Ellen Hahn, director of Kentucky Center for Smoke-free Policy at the University of Kentucky College of Nursing, said there's been an effort in previous years by some state lawmakers to increase Kentucky's cigarette tax.

“We know the price of a product does affect whether a person will use it or not," she said. "The higher the price the less likely a person will use it.

Generally, a 10 percent increase in the price of a pack of cigarettes could result in a 2.5 to 5 percent decline in overall smoking, according to a policy brief last month in the journal, Health Affairs.

That means increasing the tax even by 6 cents could potentially mean 220,000 Kentuckians would stop smoking.

Kentucky collected $282.9 million in 2012 from the tobacco tax. Meanwhile, the state spent $39.2 million in 2014 on tobacco control programs like the toll-free hotline, cessation classes and anti-smoking marketing. That’s almost $20 million less than the Centers for Disease Control recommends the state spend.

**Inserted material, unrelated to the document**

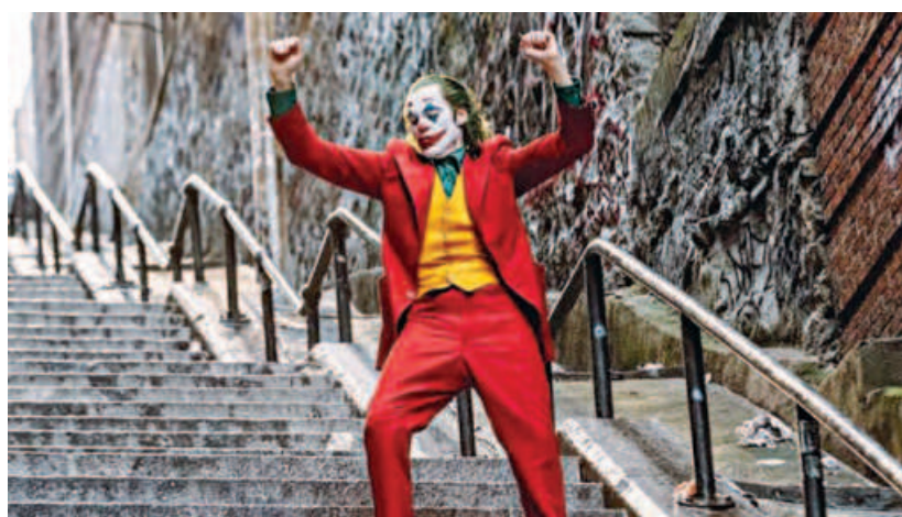
Joaquin Phoenix in 'Joker'.

“We’re severely underfunded in tobacco control, and that’s one of the reasons we have weak policies and high smoking rates,” Hahn said.

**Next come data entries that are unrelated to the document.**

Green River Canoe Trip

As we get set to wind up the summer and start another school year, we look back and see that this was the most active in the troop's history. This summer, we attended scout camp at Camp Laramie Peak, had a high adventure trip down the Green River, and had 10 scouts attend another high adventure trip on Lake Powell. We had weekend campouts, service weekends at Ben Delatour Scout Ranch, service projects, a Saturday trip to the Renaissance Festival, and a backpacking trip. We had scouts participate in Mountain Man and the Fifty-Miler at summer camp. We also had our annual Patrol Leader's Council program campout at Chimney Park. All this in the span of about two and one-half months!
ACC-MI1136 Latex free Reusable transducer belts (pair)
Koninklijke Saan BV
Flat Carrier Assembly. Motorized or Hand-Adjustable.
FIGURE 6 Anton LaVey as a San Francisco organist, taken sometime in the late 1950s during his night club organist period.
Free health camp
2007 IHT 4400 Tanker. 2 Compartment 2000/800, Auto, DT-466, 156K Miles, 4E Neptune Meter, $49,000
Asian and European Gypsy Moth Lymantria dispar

In 2014, 27 percent of Kentuckians were cigarette smokers. Robertson County – just south of Cincinnati – had the highest rate of smokers in the state at 42 percent.


The Kentucky Farm Bureau is a main opponent of increasing the state cigarette tax. KFB argues that increasing the tax would mean less revenues for Kentucky because smokers might go to neighboring states to buy cheaper cigarettes.

Jeff Harper, director of public affairs at the KFB, said people like Terrence Silver generate more tax dollars for the state. And if the tax is increased and inches closer to the Indiana tax, people like Silver might start buying cigarettes in there.

“There’s a tipping point," Harper said. "One could argue that if the tax goes up too high you’ll have the reverse effect, and the folks coming in from border states, and Kentucky residents, could pay Ohio and Indiana taxes."

Neighboring Missouri has the lowest cigarette tax in the U.S. at 17 cents per pack. Virginia’s tax is the second lowest at 30 cents. Thirty-four states have a cigarette tax of $1 or more, including West Virginia, Ohio and Illinois.

Meanwhile, cigars, pipe tobacco, e-cigarettes and roll-your-own tobacco are not taxed. Harper said these products should be taxed just the same as cigarettes.

'Just keep at it'

As for Terrence Silver, he said he's going to give the smoking cessation program another try.

"Honestly, I want to go through the class again and give it all I got," he said. "It was a good class, and I’ve heard a lot of people have to go through it more than once. I do think I can succeed if I just keep at it."

Lisa Gillespie is WFPL's Health and Innovation Reporter.